More important than the ambulances are the people who dispatch and staff them. HVA itself employs forty-two dispatchers and 162 paramedics and other road personnel, including EMTs and supervisors. Partner companies such as Albion Community Ambulance and Jackson Community Ambulance that use its dispatch services and equipment employ another 490 people.

Steve Champagne was a paid on-call volunteer firefighter and the fire chief of Van Buren Township, but when he started as a paramedic with HVA thirty years ago, he stuck. Leah Harvey, thirty-five, spent eight years on the emergency response team at an auto-parts plant in Saline before coming to HVA in 2007. She says she plans to stay as long as her body holds up.

Keeping staff is a perennial challenge in the ambulance business. “The typical paramedic starts in their early twenties, and by the time they’re in their mid-thirties, their back’s hurting them, and there’s really no non-stressful jobs in the company they can be promoted to,” says Berry. “Early on, we decided we can’t just abandon these folks, so we provide 10 percent of their salary for schooling, and many of our people have gone on to become nurses and physicians.”

So far, Champagne’s and Harvey’s backs are fine. “The key thing is communication with your partner when lifting and carrying patients,” says Champagne. “You have to have the technique, you have to be mentally prepared, and you have to be careful. One of my first partners thirty years ago was lifting a ninety-pound woman, and she tore muscles in her back and her career was over.”

Harvey says the most gratifying runs are “when we have a patient in cardiac arrest and we got them into the cath lab so quick they’re able to walk out of the hospital three days later.”

“Time is key for survival for heart attacks,” Champagne concurs. “The sooner we get them in, the better their chances are. I had one in Ann Arbor where we had the patient in cath lab in twenty-seven minutes!”

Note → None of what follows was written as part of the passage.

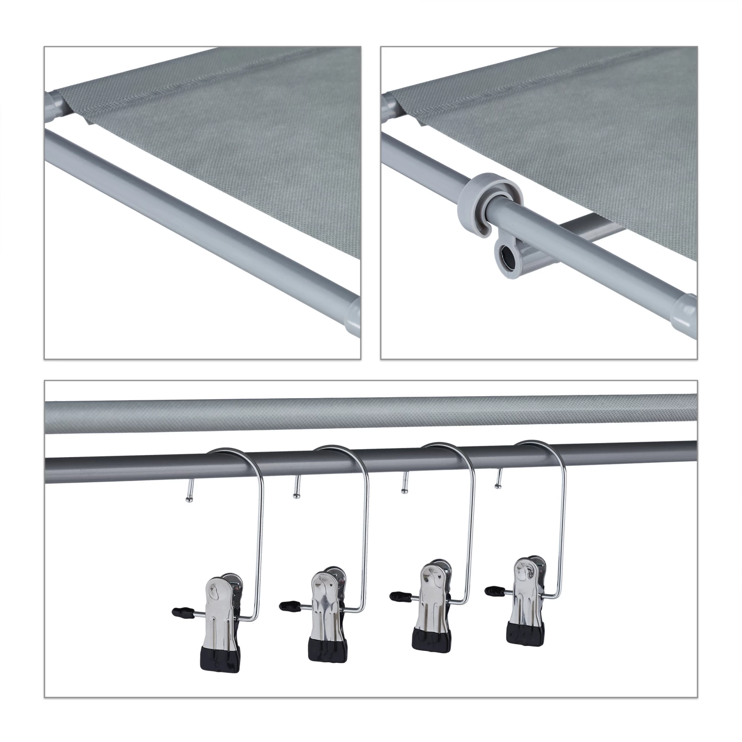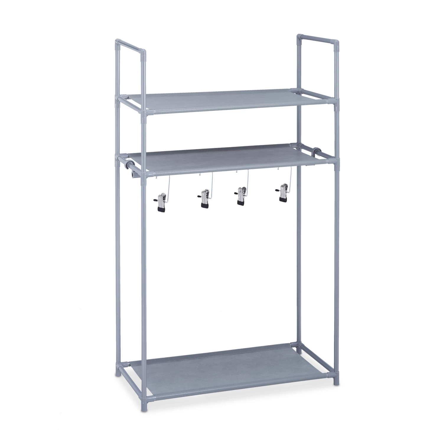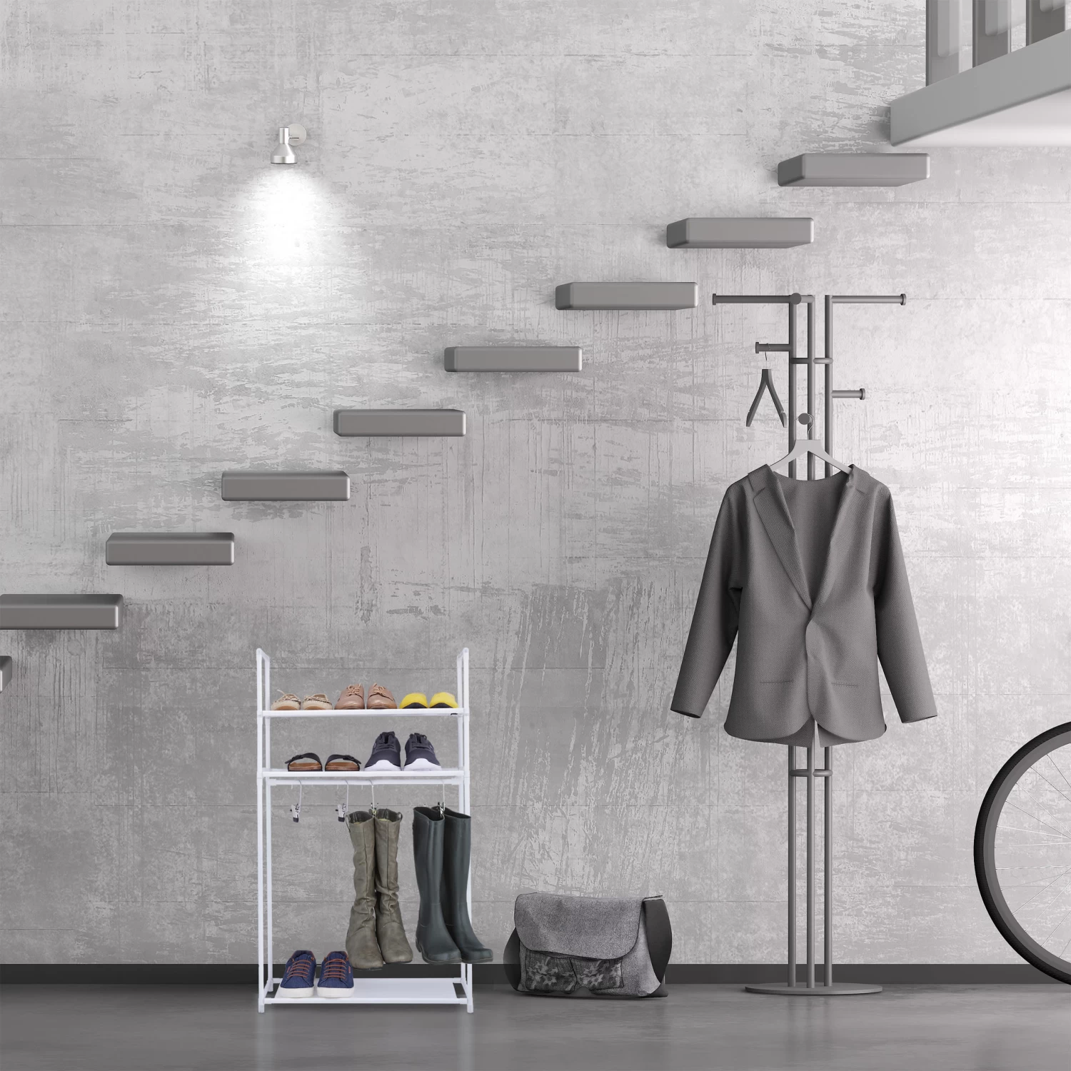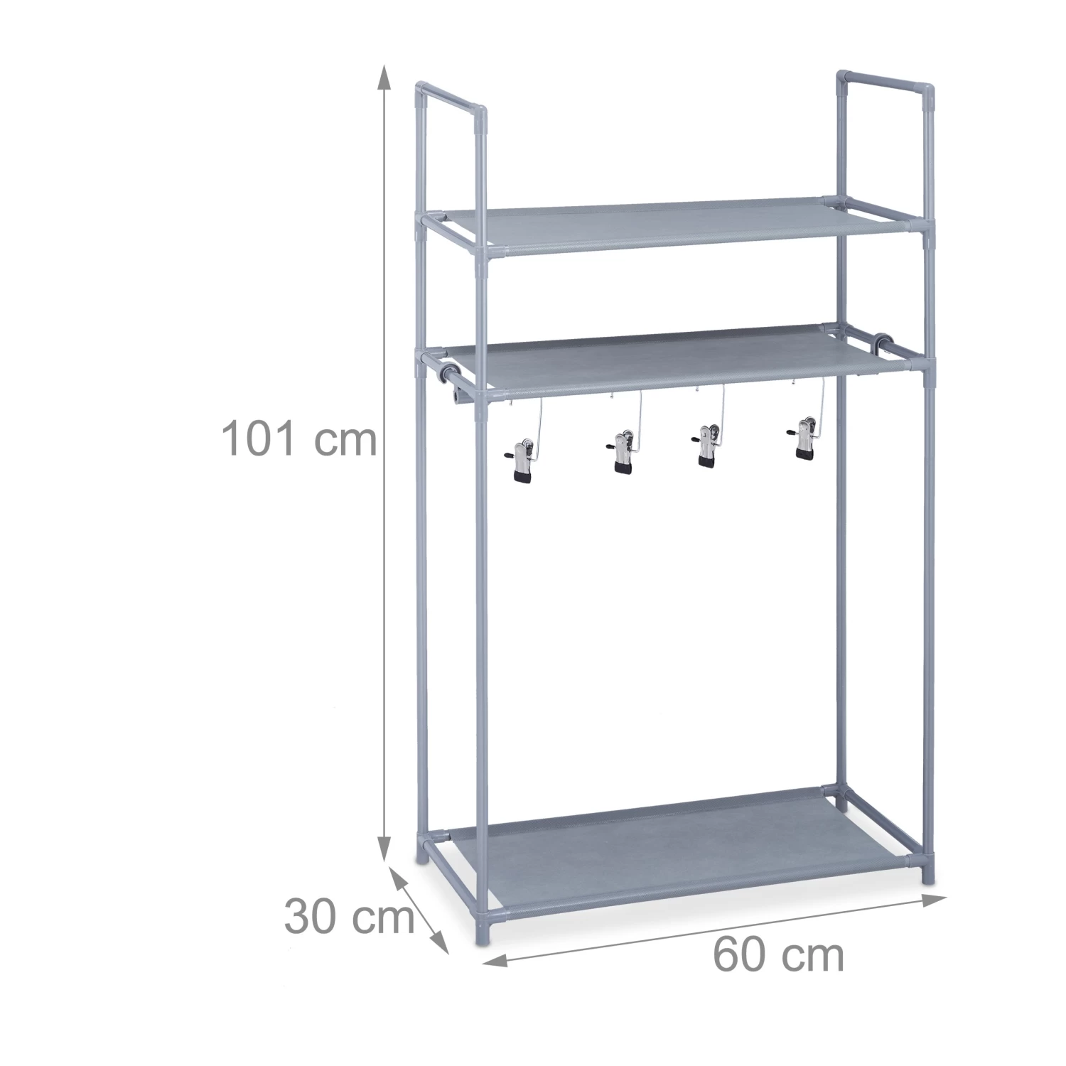 In diesem Schuhregal mit Stiefelfach lassen sich auf 3 Ebenen aus gespanntem Vlies bis zu 10 Paar Schuhe unterbringen. 4 Haken bieten Platz für Stiefel. Aufgrund des einfachen Steckprinzips lässt sich die Schuhablage schnell und einfach aufbauen. Das robuste Stahlgestell des Schuhorganizers sorgt dabei für entsprechende Stabilität. Mit seiner geringen Tiefe eignet sich das Sneakerregal besonders für schmale Flure und Treppenhäuser und auch beim Camping überzeugt es dank geringem Gewicht.
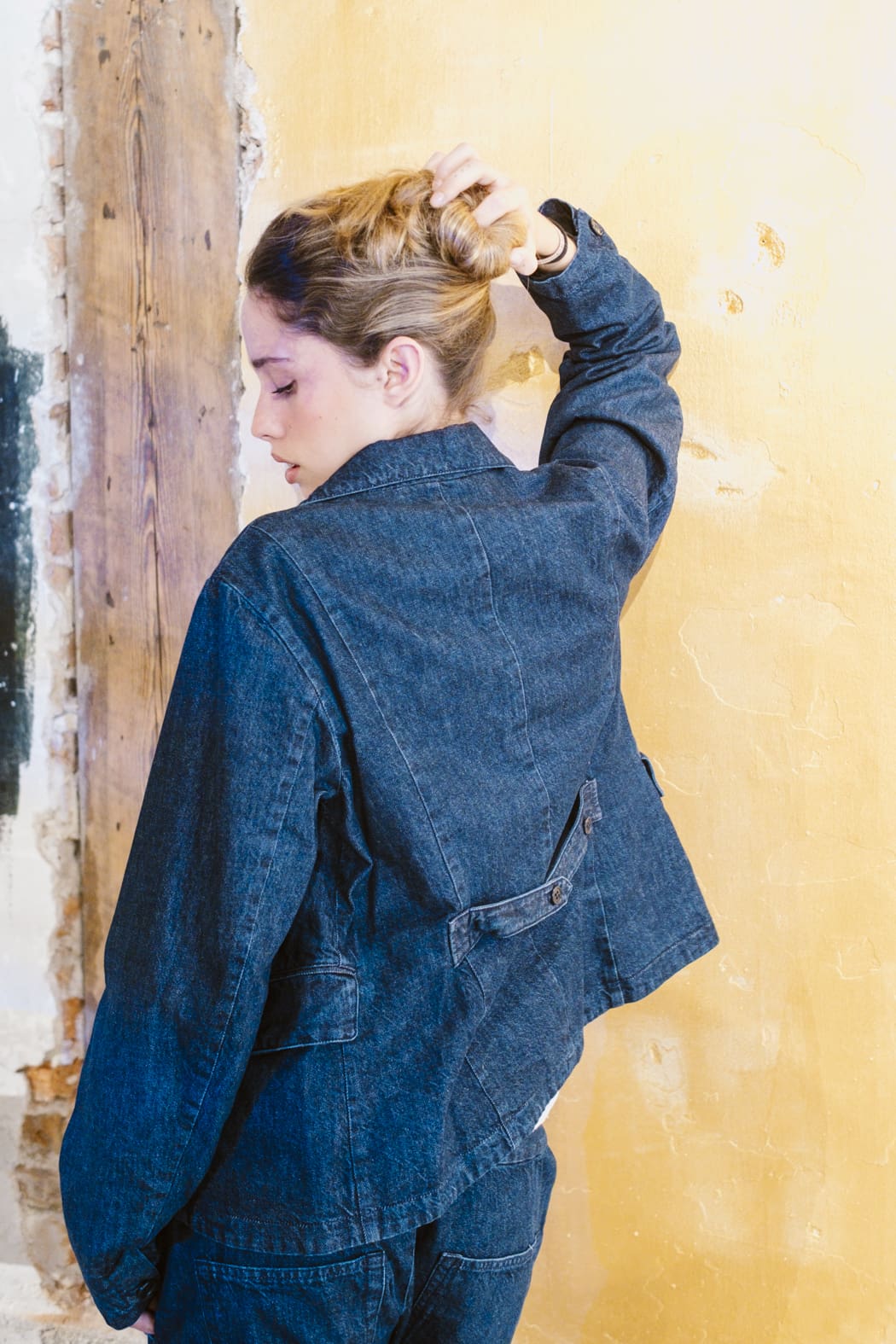 Una prenda que equilibra estilo y funcionalidad. Confeccionada en denim natural, esta chaqueta presenta solapa de muesca doblada y cierre frontal de botones que le aportan un aire sofisticado y atemporal. Sus bolsillos delanteros con tapeta ofrecen un detalle práctico, mientras que los puños abotonados y la cincha en la espalda media garantizan un ajuste entallado y favorecedor.

Other calls are all over the map, both geographically (one January Sunday, Champagne did a pickup in Alpena) and in the nature of the emergency. “It’s timed with the social services checks,” he says. “We get lots of calls to fights early in the month. And Tuesdays and Thursdays are busier than Fridays and Saturdays. I have no idea why.”

“We’re always busy the day following a holiday, particularly if [the holiday] is a Monday,” Harvey chimes in. “And during the full moon, we get a lot more crazy and violent patients. I’ve had everything from the craziest car accidents to a guy telling me he was a werewolf.

“I told him it was his lucky day, ’cause I was a vampire.”

This article has been edited since it appeared in the February, 2012 Ann Arbor Observer. The list of communities served by HVA has been corrected.